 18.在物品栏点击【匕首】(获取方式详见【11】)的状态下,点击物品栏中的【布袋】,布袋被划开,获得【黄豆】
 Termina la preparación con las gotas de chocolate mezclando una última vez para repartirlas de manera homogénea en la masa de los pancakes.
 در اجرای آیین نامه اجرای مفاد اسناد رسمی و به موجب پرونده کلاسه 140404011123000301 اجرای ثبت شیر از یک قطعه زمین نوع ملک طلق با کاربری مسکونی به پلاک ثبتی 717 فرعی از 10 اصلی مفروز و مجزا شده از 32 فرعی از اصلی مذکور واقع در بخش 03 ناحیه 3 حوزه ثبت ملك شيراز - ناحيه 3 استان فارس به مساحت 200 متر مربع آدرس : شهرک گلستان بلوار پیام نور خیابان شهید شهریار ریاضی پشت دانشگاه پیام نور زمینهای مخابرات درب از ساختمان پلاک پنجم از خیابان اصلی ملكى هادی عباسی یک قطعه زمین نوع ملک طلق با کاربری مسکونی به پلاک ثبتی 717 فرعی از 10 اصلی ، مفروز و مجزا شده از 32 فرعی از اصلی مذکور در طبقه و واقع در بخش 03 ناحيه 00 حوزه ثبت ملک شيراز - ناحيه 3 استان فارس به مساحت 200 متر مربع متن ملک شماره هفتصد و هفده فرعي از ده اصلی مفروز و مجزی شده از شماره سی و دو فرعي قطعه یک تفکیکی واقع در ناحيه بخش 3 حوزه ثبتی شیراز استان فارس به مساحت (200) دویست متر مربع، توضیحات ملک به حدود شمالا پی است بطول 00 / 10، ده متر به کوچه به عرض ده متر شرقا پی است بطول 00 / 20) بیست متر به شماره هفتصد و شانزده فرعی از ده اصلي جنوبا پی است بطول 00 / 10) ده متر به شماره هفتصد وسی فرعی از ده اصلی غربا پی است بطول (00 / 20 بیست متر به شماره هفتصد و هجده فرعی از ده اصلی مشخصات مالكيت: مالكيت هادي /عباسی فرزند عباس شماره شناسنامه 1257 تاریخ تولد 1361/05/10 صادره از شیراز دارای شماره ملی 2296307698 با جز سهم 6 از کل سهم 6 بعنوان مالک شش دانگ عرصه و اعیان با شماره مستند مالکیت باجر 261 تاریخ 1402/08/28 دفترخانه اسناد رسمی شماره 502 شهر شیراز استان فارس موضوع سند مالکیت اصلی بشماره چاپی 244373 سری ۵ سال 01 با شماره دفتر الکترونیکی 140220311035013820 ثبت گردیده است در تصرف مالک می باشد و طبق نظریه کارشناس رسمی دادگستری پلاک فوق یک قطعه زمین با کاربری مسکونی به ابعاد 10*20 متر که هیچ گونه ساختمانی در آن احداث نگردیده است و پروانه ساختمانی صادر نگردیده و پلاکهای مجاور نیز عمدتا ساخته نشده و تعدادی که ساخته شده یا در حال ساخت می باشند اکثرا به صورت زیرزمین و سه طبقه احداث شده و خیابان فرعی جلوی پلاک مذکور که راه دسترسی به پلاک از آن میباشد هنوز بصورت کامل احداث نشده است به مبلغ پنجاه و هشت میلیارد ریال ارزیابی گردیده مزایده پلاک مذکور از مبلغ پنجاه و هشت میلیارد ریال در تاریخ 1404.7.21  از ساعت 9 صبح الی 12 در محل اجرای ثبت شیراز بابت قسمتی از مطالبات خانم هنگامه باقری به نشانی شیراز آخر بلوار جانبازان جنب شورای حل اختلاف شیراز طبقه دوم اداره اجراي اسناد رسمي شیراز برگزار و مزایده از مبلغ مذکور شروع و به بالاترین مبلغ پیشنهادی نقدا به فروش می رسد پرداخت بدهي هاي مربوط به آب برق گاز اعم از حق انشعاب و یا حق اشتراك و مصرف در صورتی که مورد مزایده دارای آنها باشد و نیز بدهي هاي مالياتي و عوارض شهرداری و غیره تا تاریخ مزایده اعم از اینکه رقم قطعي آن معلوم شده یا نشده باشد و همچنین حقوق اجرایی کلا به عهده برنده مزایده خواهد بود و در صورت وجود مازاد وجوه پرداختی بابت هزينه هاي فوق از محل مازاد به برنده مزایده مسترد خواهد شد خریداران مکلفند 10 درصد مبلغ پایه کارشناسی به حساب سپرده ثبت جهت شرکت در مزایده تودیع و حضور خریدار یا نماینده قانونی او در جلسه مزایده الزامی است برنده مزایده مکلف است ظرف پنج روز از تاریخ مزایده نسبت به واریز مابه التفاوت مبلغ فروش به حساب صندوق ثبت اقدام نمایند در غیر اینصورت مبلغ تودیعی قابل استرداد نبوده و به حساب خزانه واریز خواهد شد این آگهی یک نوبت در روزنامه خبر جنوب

------------------------------

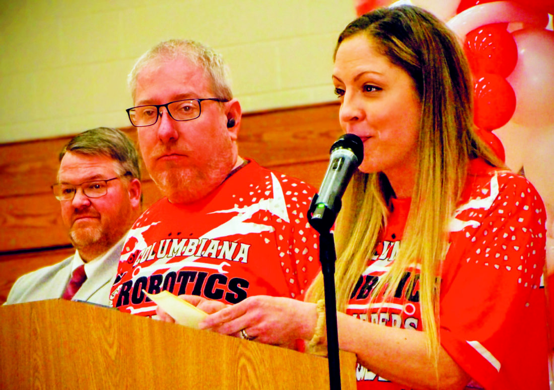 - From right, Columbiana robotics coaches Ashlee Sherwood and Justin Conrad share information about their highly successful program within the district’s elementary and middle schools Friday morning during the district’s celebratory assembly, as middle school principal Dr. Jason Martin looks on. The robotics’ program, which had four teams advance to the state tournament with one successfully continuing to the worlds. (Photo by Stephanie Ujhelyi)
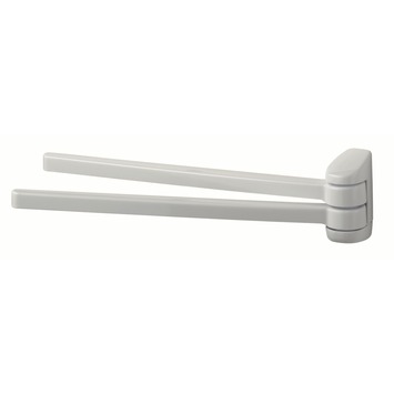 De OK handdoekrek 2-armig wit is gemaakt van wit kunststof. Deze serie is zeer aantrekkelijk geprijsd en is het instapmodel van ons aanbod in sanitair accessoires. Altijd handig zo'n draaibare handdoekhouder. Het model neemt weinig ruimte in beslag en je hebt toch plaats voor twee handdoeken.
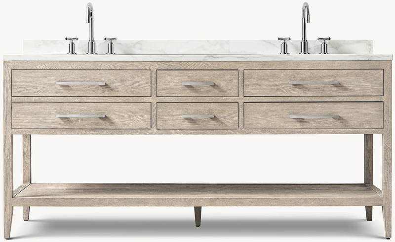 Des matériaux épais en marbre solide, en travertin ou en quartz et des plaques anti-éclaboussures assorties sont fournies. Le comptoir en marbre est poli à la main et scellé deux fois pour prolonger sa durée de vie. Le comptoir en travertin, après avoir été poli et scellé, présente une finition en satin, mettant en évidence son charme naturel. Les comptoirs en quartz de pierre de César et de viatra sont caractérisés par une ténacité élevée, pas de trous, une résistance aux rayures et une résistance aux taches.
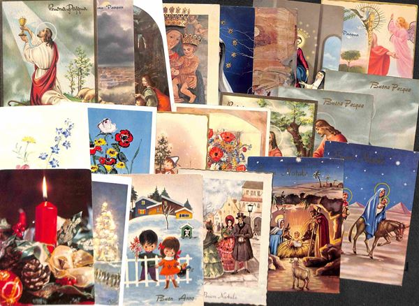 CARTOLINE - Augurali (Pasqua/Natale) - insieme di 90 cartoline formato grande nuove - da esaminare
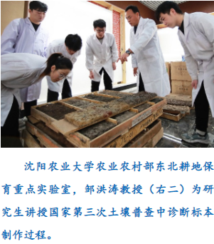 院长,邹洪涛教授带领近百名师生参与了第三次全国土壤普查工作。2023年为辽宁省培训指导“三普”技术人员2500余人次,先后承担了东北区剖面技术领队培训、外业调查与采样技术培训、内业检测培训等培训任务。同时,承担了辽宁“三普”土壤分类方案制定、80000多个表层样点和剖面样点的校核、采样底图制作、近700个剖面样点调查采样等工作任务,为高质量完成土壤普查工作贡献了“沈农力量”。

------------------------------

- **What you will do**
Above are the records; copy from them only the lines starting at the one containing "De OK handdoekrek" and ending at the one containing "CARTOLINE - Augurali", exactly and without pictures.

- **Task output**
 De OK handdoekrek 2-armig wit is gemaakt van wit kunststof. Deze serie is zeer aantrekkelijk geprijsd en is het instapmodel van ons aanbod in sanitair accessoires. Altijd handig zo'n draaibare handdoekhouder. Het model neemt weinig ruimte in beslag en je hebt toch plaats voor twee handdoeken.
 Des matériaux épais en marbre solide, en travertin ou en quartz et des plaques anti-éclaboussures assorties sont fournies. Le comptoir en marbre est poli à la main et scellé deux fois pour prolonger sa durée de vie. Le comptoir en travertin, après avoir été poli et scellé, présente une finition en satin, mettant en évidence son charme naturel. Les comptoirs en quartz de pierre de César et de viatra sont caractérisés par une ténacité élevée, pas de trous, une résistance aux rayures et une résistance aux taches.
 CARTOLINE - Augurali (Pasqua/Natale) - insieme di 90 cartoline formato grande nuove - da esaminare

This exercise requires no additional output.